Non sono stati condotti studi di interazione.

Effetti indesiderati

Gli eventi avversi sono presentati in base alla classificazione per sistemi e organi secondo MedDRA all’interno di ciascuna categoria di frequenza e in ordine decrescente di gravità: Molto comune (≥1/10) Comune (≥1/100, <1/10) Non comune (≥1/1.000, <1/100) Raro (≥1/10.000, <1/1.000) Molto raro (<1/10.000) Non nota (la frequenza non può essere definita sulla base dei dati disponibili) Gli eventi avversi segnalati durante la somministrazione di glucocorticoidi per uso topico comprendono:

Eventi avversi correlati al trattamento e segnalati in base alla classificazione per sistemi e organi e alla frequenza
Infezioni ed infestazioni
Non nota Infezioni secondarie, foruncolosi
Molto raro Follicolite
Patologie del sistema nervoso
Non nota Parestesie
Molto raro Sensazione di bruciore
Patologie vascolari
Molto raro Telangectasia
Patologie della cute e del tessuto sottocutaneo
Non nota Dermatite allergica da contatto, dermatite periorale, ipopigmentazione, ipertricosi, strie, macerazione della cute, miliaria, reazioni acneiformi, atrofia cutanea locale, irritazione, dermatite simile a rosacea papulosa (facciale), sensibilità capillare (ecchimosi), xerosi, ipersensibilità (al mometasone)
Molto raro Prurito
Patologie sistemiche e condizioni relative alla sede di somministrazione
Non nota Dolore in corrispondenza della sede di applicazione, reazioni in corrispondenza della sede di applicazione
Un aumento del rischio di effetti sistemici e di eventi avversi localizzati si verifica in caso di somministrazione frequente, trattamento di zone estese o trattamento prolungato, nonché in caso di trattamento di aree intertriginose o con medicazioni occlusive. Casi di ipo– o iperpigmentazione sono stati segnalati raramente in relazione con altri farmaci cortisonici e possono pertanto verificarsi con il mometasone furoato. Eventi avversi segnalati durante terapie con glucocorticoidi per via sistemica, compresa l’insufficienza surrenalica, possono verificarsi anche con corticosteroidi ad uso topico.

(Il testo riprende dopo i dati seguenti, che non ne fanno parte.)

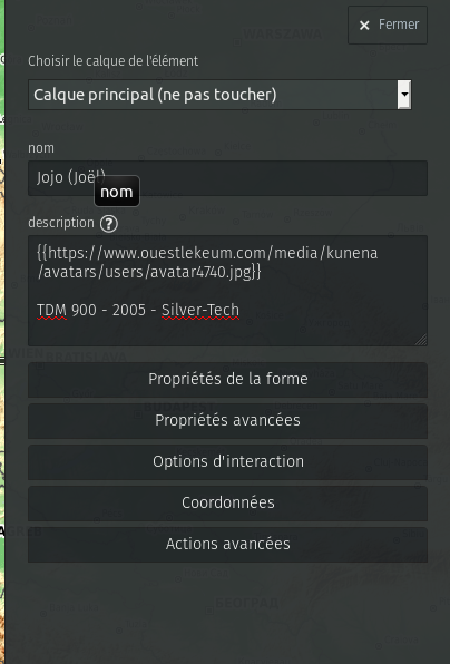 Et à moi tu as changé mon pseudo :vv: Trop fort Jean-Marc !axilum écrit: Franck, c'est à toi de créer ta position sur la carte. On l'a laissé à la main des utilisateurs.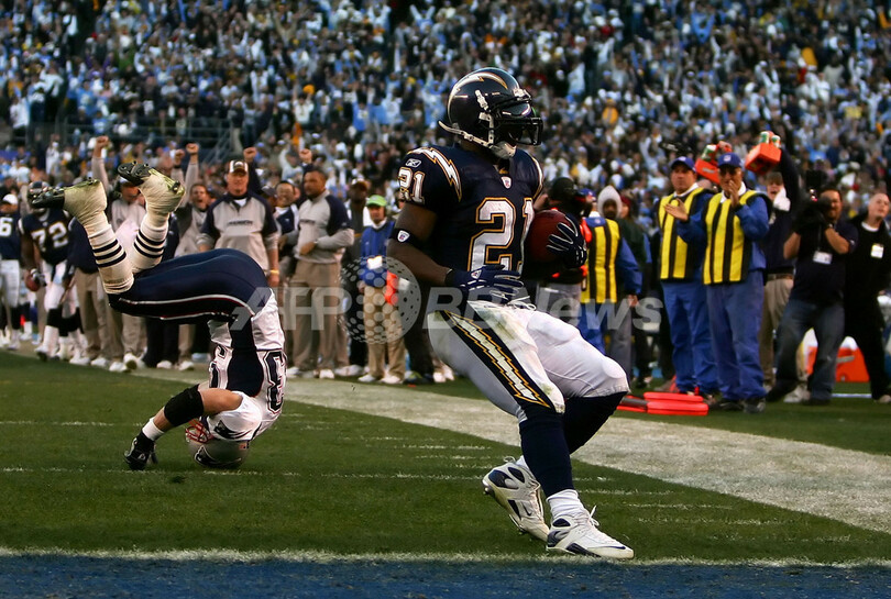 【サンディエゴ/米国 14日 AFP】NFL・プレーオフAFC準決勝、サンディエゴ・チャージャーズ(San Diego Chargers)vsニューイングランド・ペイトリオッツ(New England Patriots)。ペイトリオッツのキッカー、スティーヴン・ゴストコフスキー(Stephen Gostkowski)は、最長50ヤードを含む3本中3本のFGを成功させてチームの勝利に貢献した。試合は、チャージャーズが最大11点差を付けるも、ペイトリオッツが第4Q終盤に逆転して、24-21で勝利しプレーオフ決勝に駒を進めた。ペイトリオッツはAFC決勝でインディアナポリス・コルツ(Indianapolis Colts)と21日に対戦する。写真は、第3Qに34ヤードのFGを蹴るゴストフスキー。(c)AFP/Getty Images Stephen Dunn

Il trattamento di psoriasi diffusa o l’improvvisa sospensione di una terapia prolungata con un corticosteroide potente può indurre una psoriasi pustolosa o eritrodermica. La riacutizzazione di un eczema può essere considerata come un fenomeno di rimbalzo a seguito della brusca interruzione del trattamento. Popolazione pediatrica I pazienti pediatrici possono essere maggiormente soggetti alla sindrome di Cushing e alla soppressione dell’asse ipotalamo–ipofisi–surrene indotta da glucocorticoidi rispetto ai pazienti in età matura, a causa del rapporto maggiore tra superficie cutanea e peso corporeo. La terapia cronica con glucocorticoidi può interferire con la crescita e lo sviluppo dei bambini. Sono stati segnalati casi di ipertensione endocranica in pazienti pediatrici sottoposti a terapia con glucocorticoidi topici. Le manifestazioni di un’ipertensione endocranica sono: protrusione delle fontanelle, cefalea e papilledema bilaterale. Segnalazione delle reazioni avverse sospette La segnalazione delle reazioni avverse sospette che si verificano dopo l’autorizzazione del medicinale è importante, in quanto permette un monitoraggio continuo del rapporto beneficio/rischio del medicinale. Agli operatori sanitari è richiesto di segnalare qualsiasi reazione avversa sospetta tramite il sistema nazionale di segnalazione all’indirizzo www.agenziafarmaco.gov.it/it/responsabili.

Gravidanza e allattamento

Gravidanza I corticosteroidi attraversano la placenta. Non sono disponibili dati clinici relativi all’uso di mometasone furoato in gravidanza. La somministrazione orale di mometasone furoato in studi sugli animali ha evidenziato degli effetti teratogeni; vedere paragrafo 5.3. Non sono noti i rischi potenziali sull’uomo. Sebbene l’esposizione sistemica sia limitata, OVISON deve essere utilizzato in gravidanza dopo un’attenta valutazione dei rischi e dei benefici. Per il trattamento in gravidanza di superfici cutanee estese per periodi di tempo prolungati è necessario prescrivere corticosteroidi di bassa potenza. Allattamento Non è stato accertato che il mometasone furoato passi nel latte materno. Il mometasone furoato deve essere somministrato alle madri in allattamento solo dopo un’attenta valutazione dei rischi e dei benefici. OVISON non deve essere applicato sul seno né sulle zone cutanee adiacenti durante l’allattamento. Fertilità Nessun effetto noto.

Conservazione

Non conservare a temperatura superiore ai 30°C.

About

Creato da Giuseppe Pipero.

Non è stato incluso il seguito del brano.